Day 20-POV: Living With EDS or HSD

I get up this morning and my shoulder cracks. At least I’m lucky, the joints of my fingers came back into place overnight. I have a headache. I’m thirsty. I need to remove the goutiere that I’m wearing to avoid bruxism and relieve my jaw. My jaw still hurts, though. My doctor told me to make an appointment with a physical therapist who specializes in TMJ. I get up and go have my breakfast. Acid reflux is hitting me and I still have the day to spend and finish revising my classes for my exams on time. Arg...

Day 21 – Representation Matters

Representation matters because I think that without the biases of doctors, we would be better diagnosed. It’s not because we are young, because we have a different skin color, because we’re a woman, a non-binary person, etc... that our feelings aren’t valid. hEDS and HSD do not have biological markers defined as for other diseases. The doctor must therefore diagnose according to a list of symptoms that are most often invisible to him. We don’t live with them after all. However, because of their biases, they do not listen to us most of the time, which often leads to medical wandering or even worse, often psychiatric diagnostic errors with consequences for our health. That’s why representation matters.

Day 22 – A Resource That Helped

First, I would say the stories about the mighty as well as the playlists (chronic pain and disability). Then, it’s the website of the elhers danlos society that gives interesting advice. Then I will look at the websites of associations specializing in EDS and HSD. But the first two are more than enough in my opinion.

Day 23 – What Earlier Diagnosis Could Change

Early diagnosis would help with mental health already.
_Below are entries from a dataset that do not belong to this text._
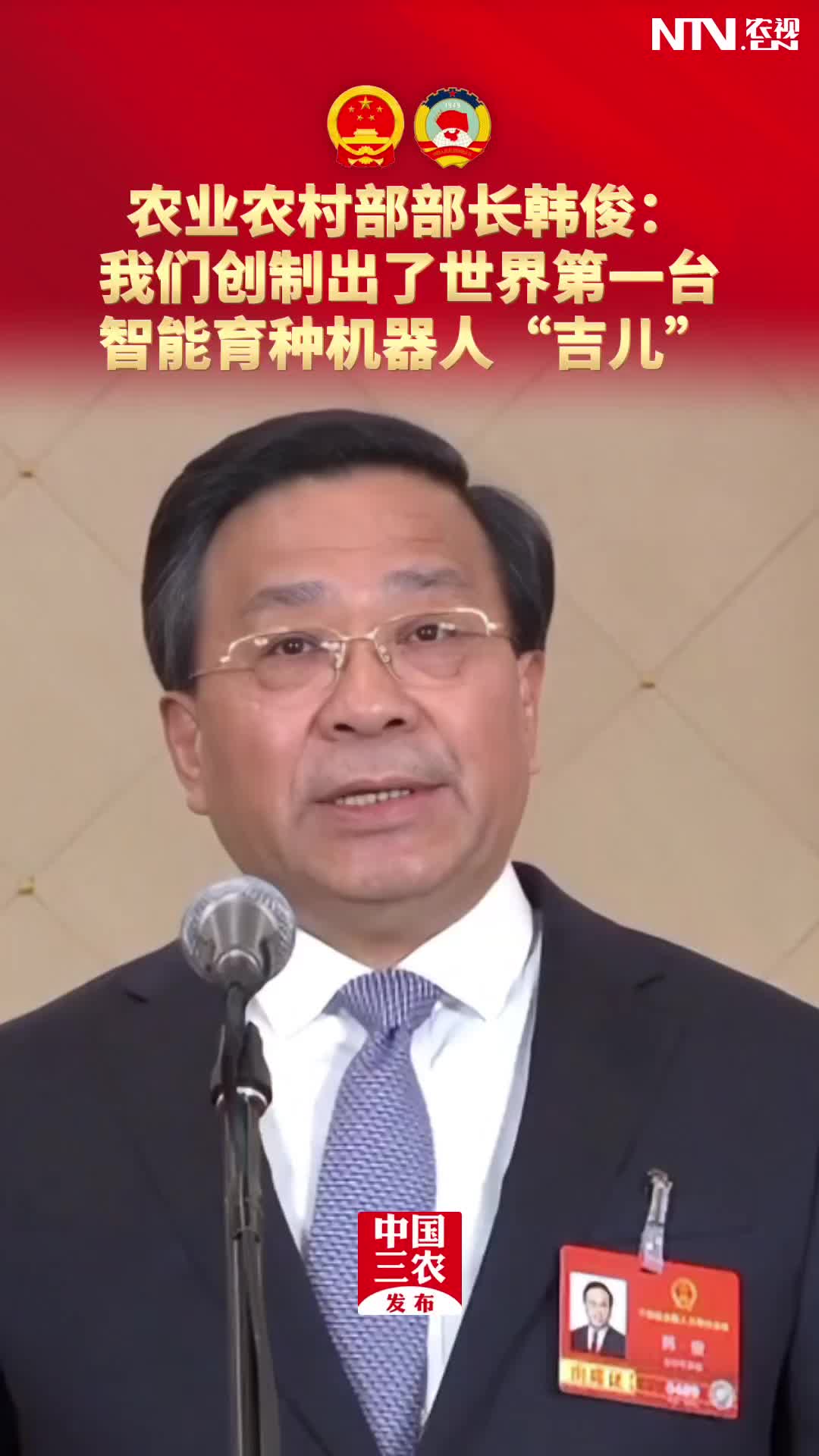 农业农村部部长韩俊:我们创制出了世界第一台智能育种…
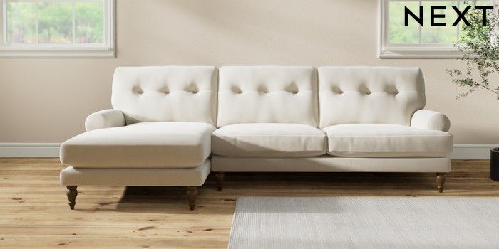 7.2.10 Erin Buttoned Back Deep Relaxed Sit Medium Sofa Chaise - Left Hand Relaxed Linen Look Oyster High Classic Turned - Mid | Made Click here to use our website with more accessibility support, for example screen readers
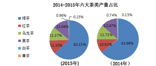 根據(jù)綜合分析,2015年全國茶葉生產(chǎn)繼續(xù)保持穩(wěn)定,茶園面積增幅下降,產(chǎn)量繼續(xù)增加,產(chǎn)品結構調(diào)整,提質增效明顯。
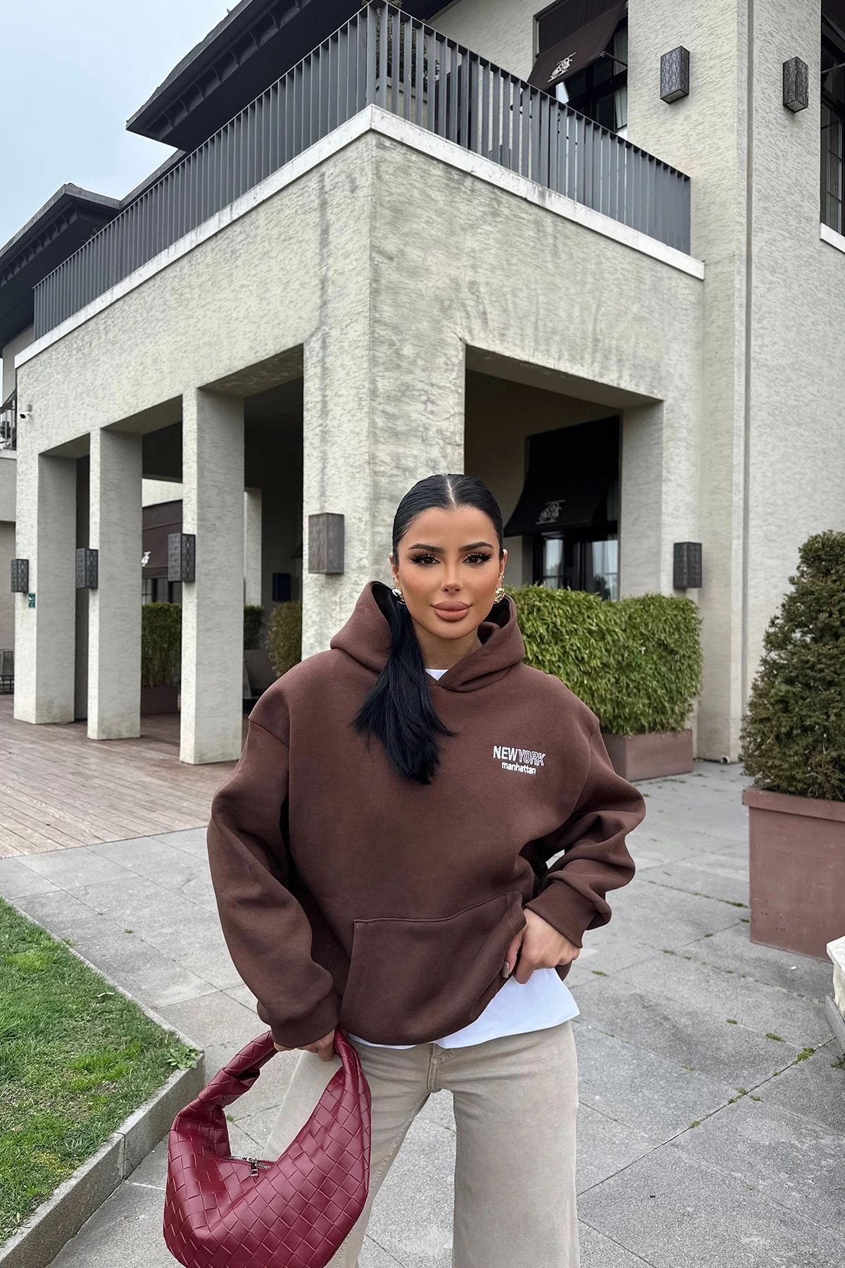 Brown New York  Hooded Sweat Made from Three Thread Fabric Size S is used in the image Sweat Length:63cm Chest:51cm Model Measurements: Height: 160 Weight: 50 Chest: 80 Waist: 62 Hip: 94
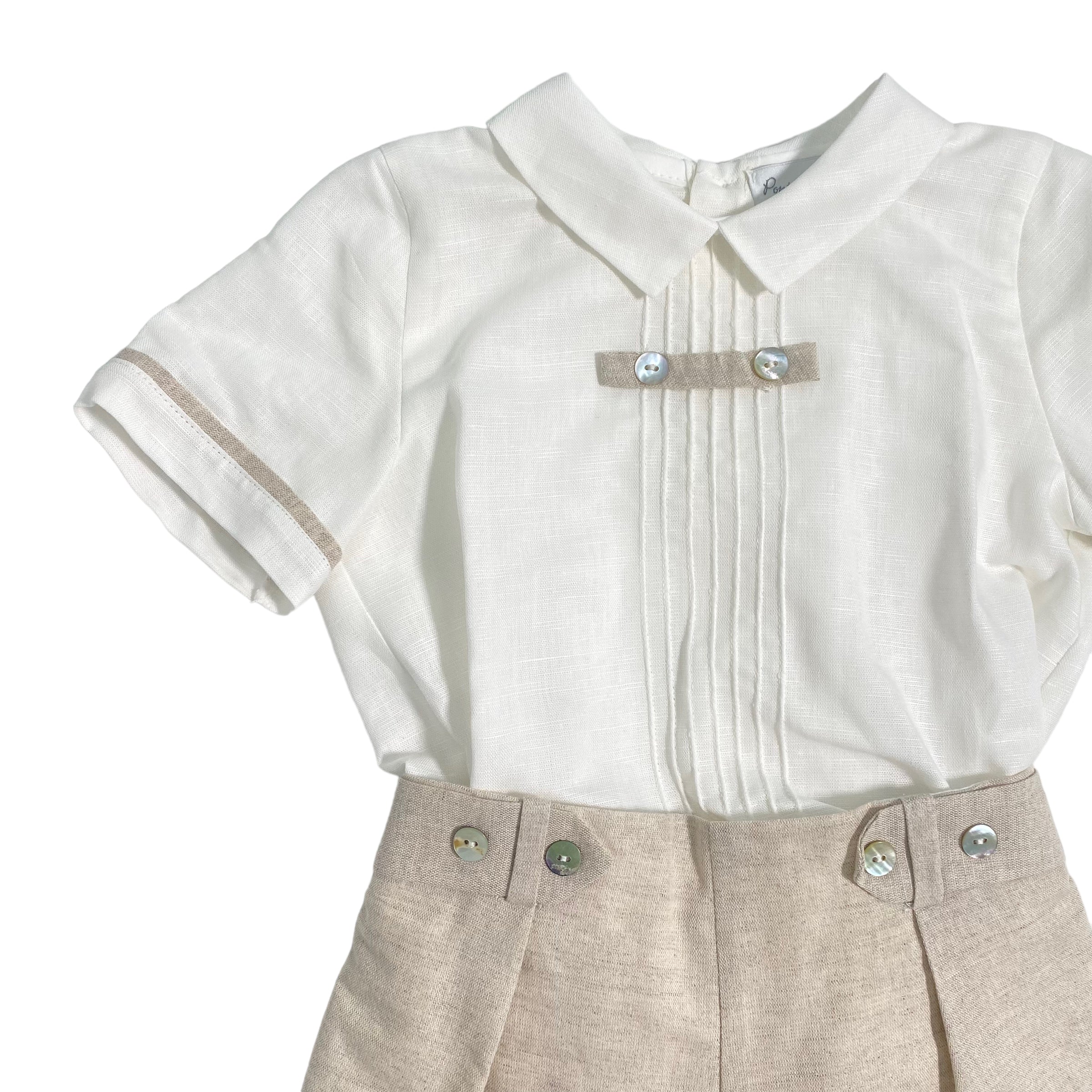 - camicia mezza manica panna, con fascia centrale a righe e applicazione.
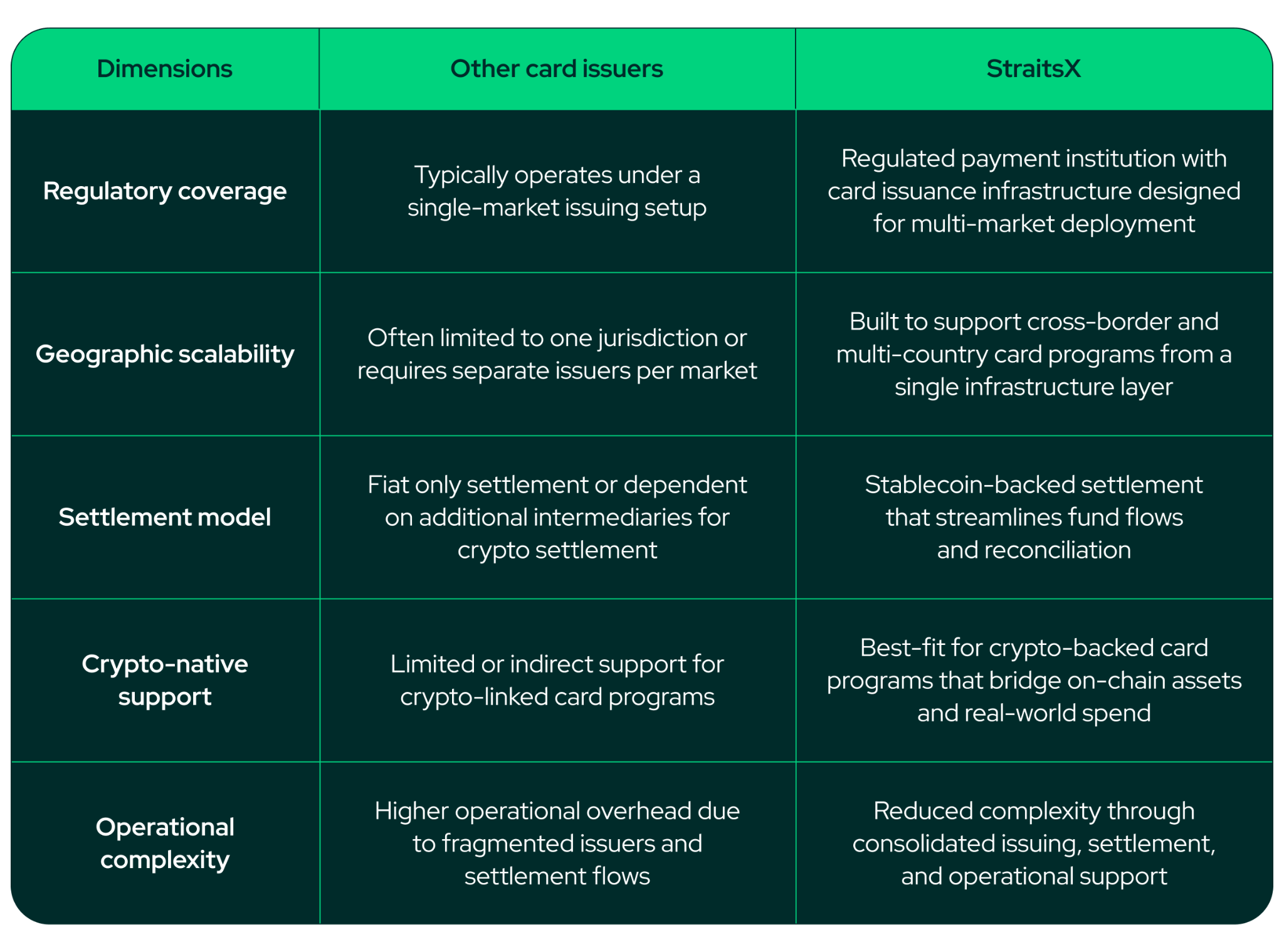 Unlike traditional card setups that rely on siloed fiat settlement and market-specific issuers, StraitsX combines licensed payment infrastructure with stablecoin settlement to streamline how funds move across card rails. This enables faster reconciliation, clearer fund flows, and a more scalable operating model across markets.
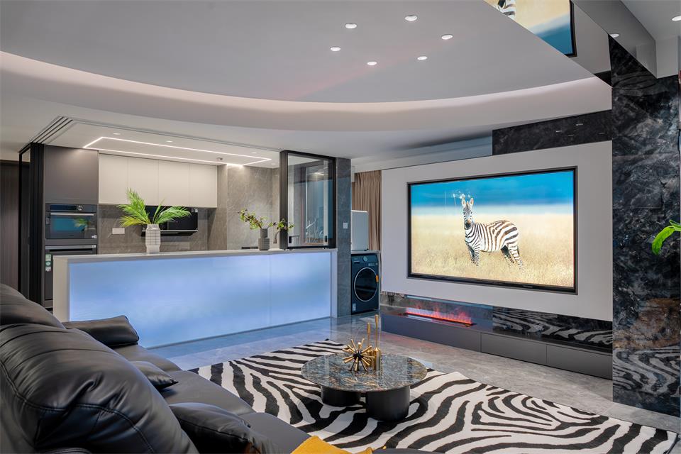 最为精妙的是,二者之间以一道兼具置物与展示功能的开放式隔断区隔。
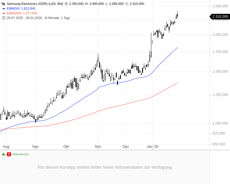 - Samsung Electronics GDRKursstand: 1.698,000 € (L&S) - Zum Zeitpunkt der VeröffentlichungVerkaufenKaufen
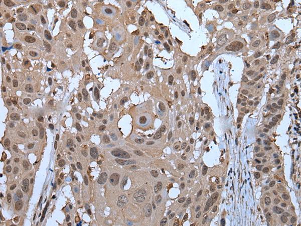 - Immunohistochemistry of paraffin-embedded Human esophagus cancer tissue using ZNF787 Polyclonal Antibody at dilution of 1:45(×200)
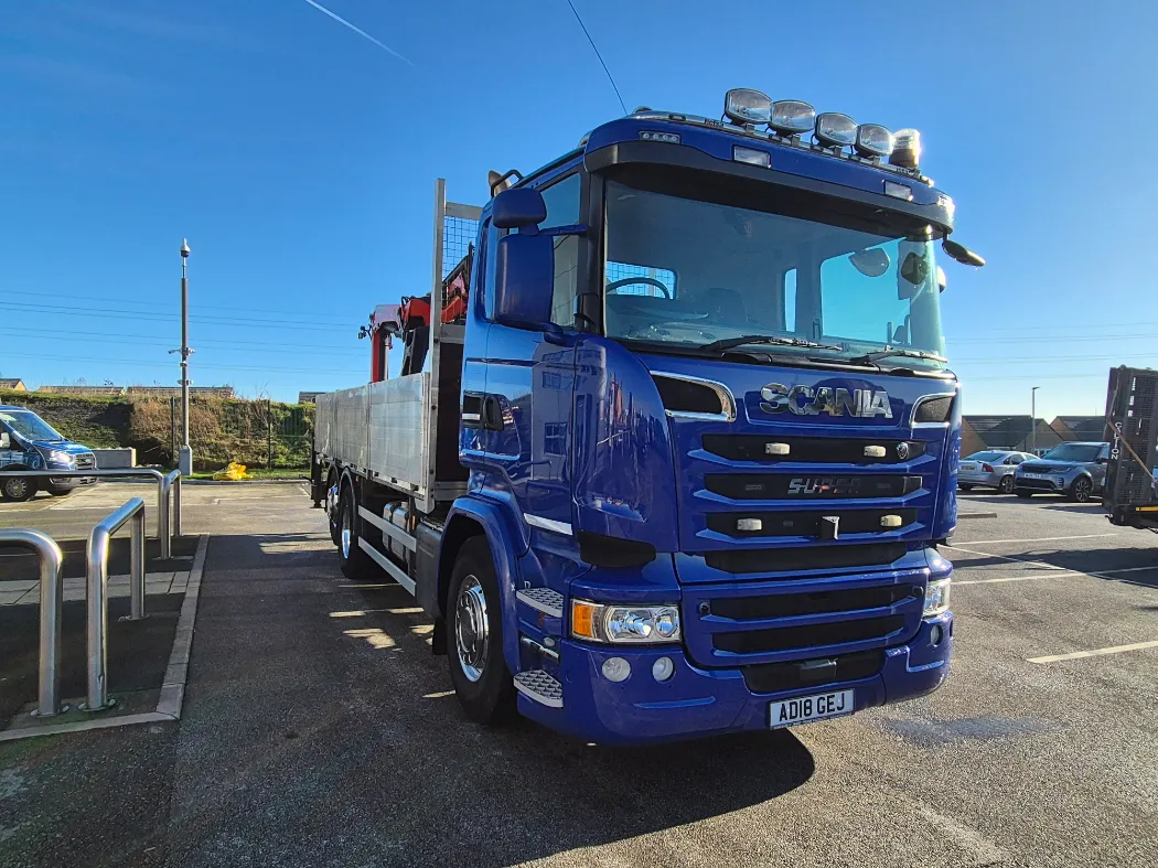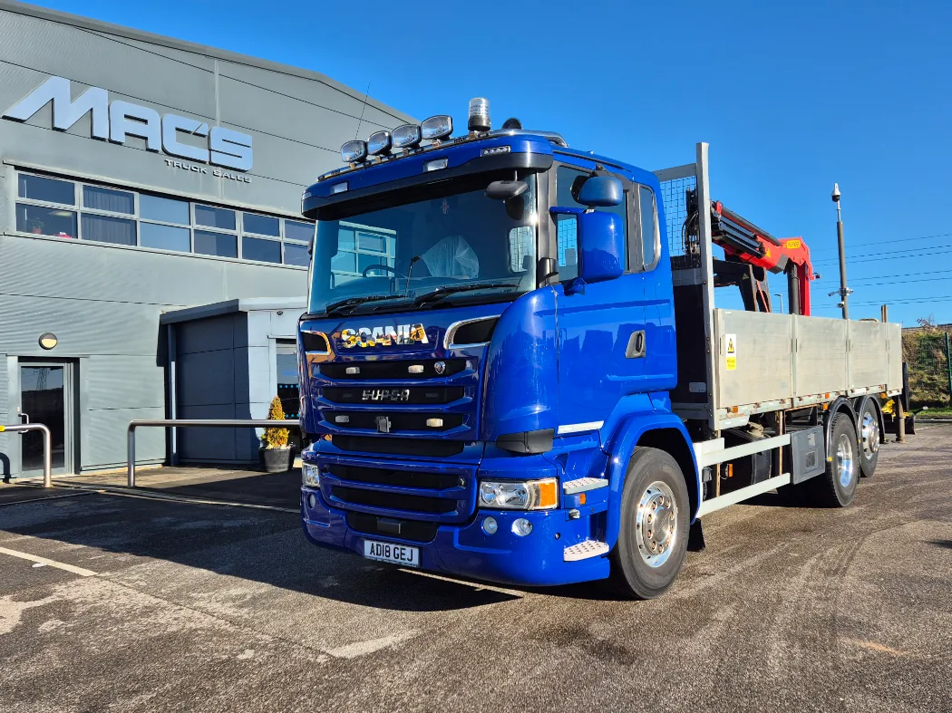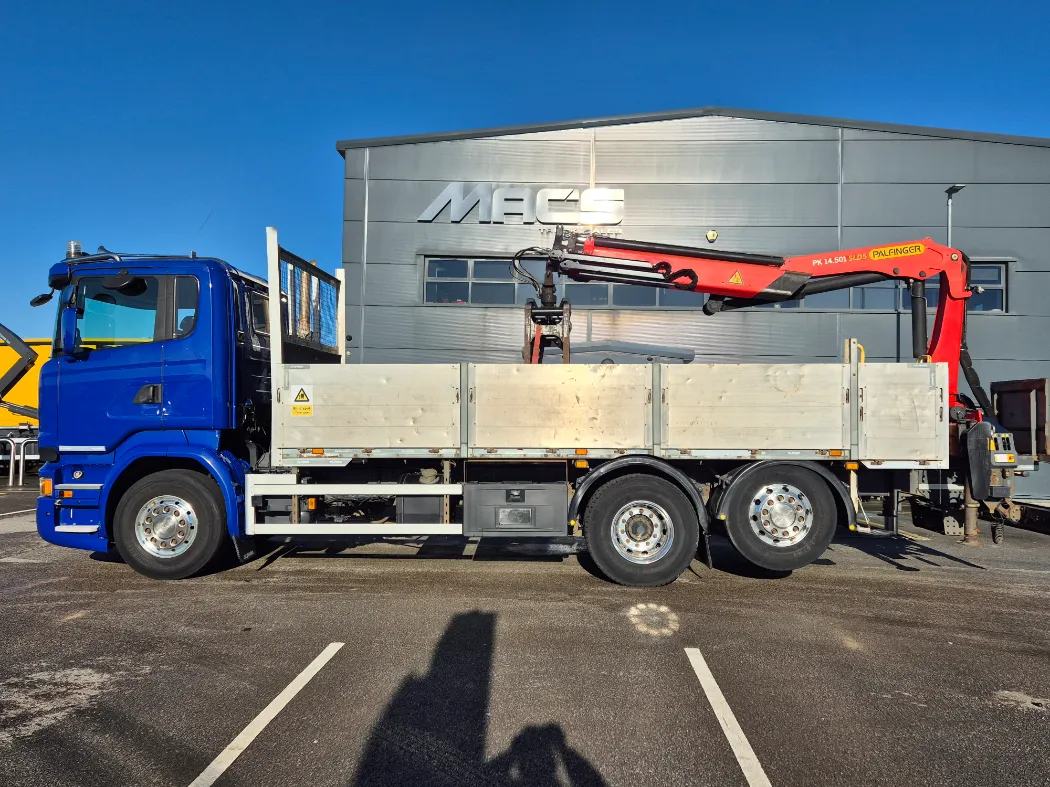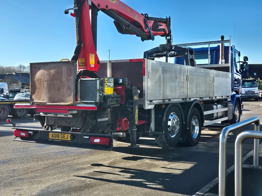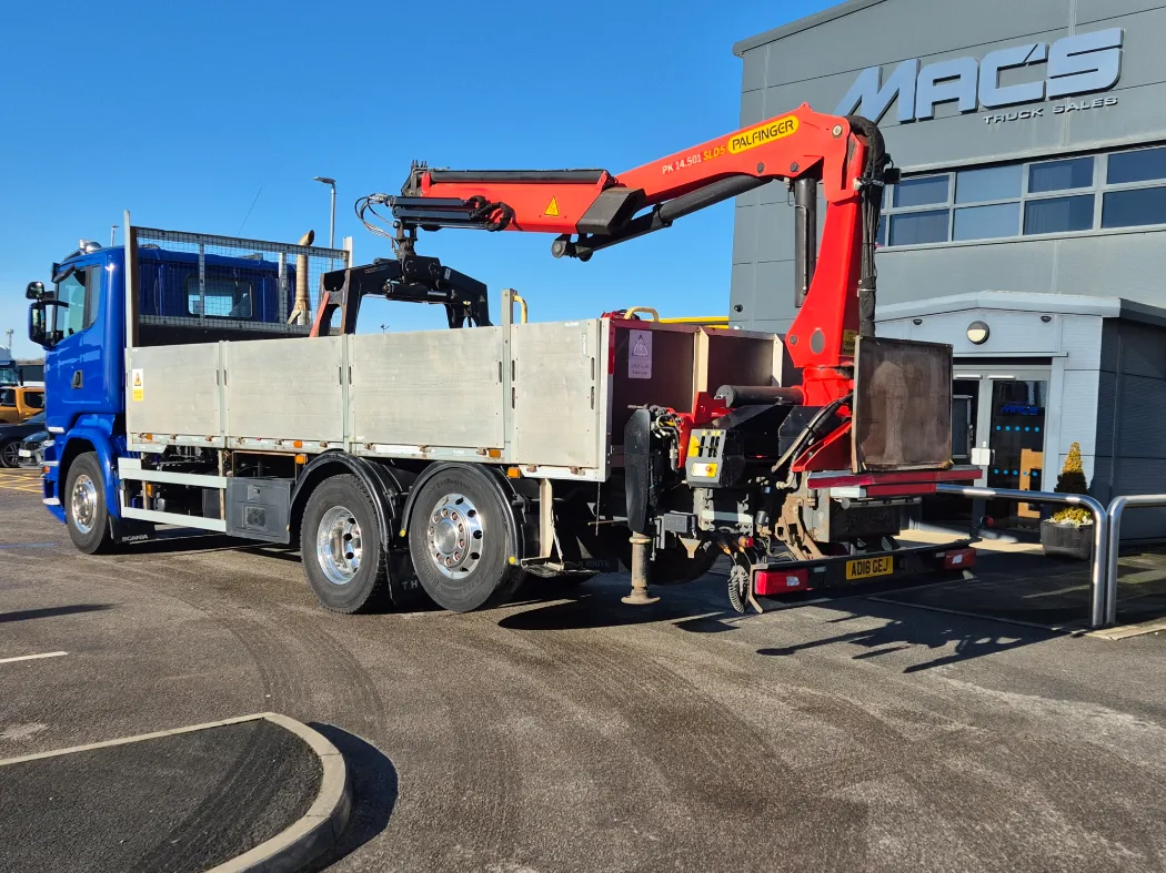 Scania R450 – 6x2 – Rear steer – Auto gearbox – ONLY 206,000kms – IMMACULATE inside and out – Palfinger rear mounted crane – 2 Hydraulic extensions – Remote control – London DVS ready – Drawbar hitch under back end – Kinshoffer brick grab – MOT until DECEMBER 2026.

But I think that, at the same time, to reduce the time spent on medical care, we should improve the way of announcing the diagnosis. I don’t know about you, but I found the diagnostic announcements very traumatic because they just say: "you have X and goodbye." There are no explanations given. For me, my diagnosis of HSD was shocking because the doctor didn’t even tell me or my parents, but I learned it by reading a report from the appointment with this specialist.

Day 24 – Something I’ve Unlearned

Sometimes, despite everything you are told, just trying is already enough. Taking one step after the other, even when very small, is enough. You were just able to clean the window of your room but nothing else, it’s OK. Your house doesn’t look like a Pinterest board, it’s OK. You feel good in it, that’s fine. Trying is incredible, and if you succeed, even better. You fail, it’s not a big deal, maybe you’ve learned a limit or another way of doing things.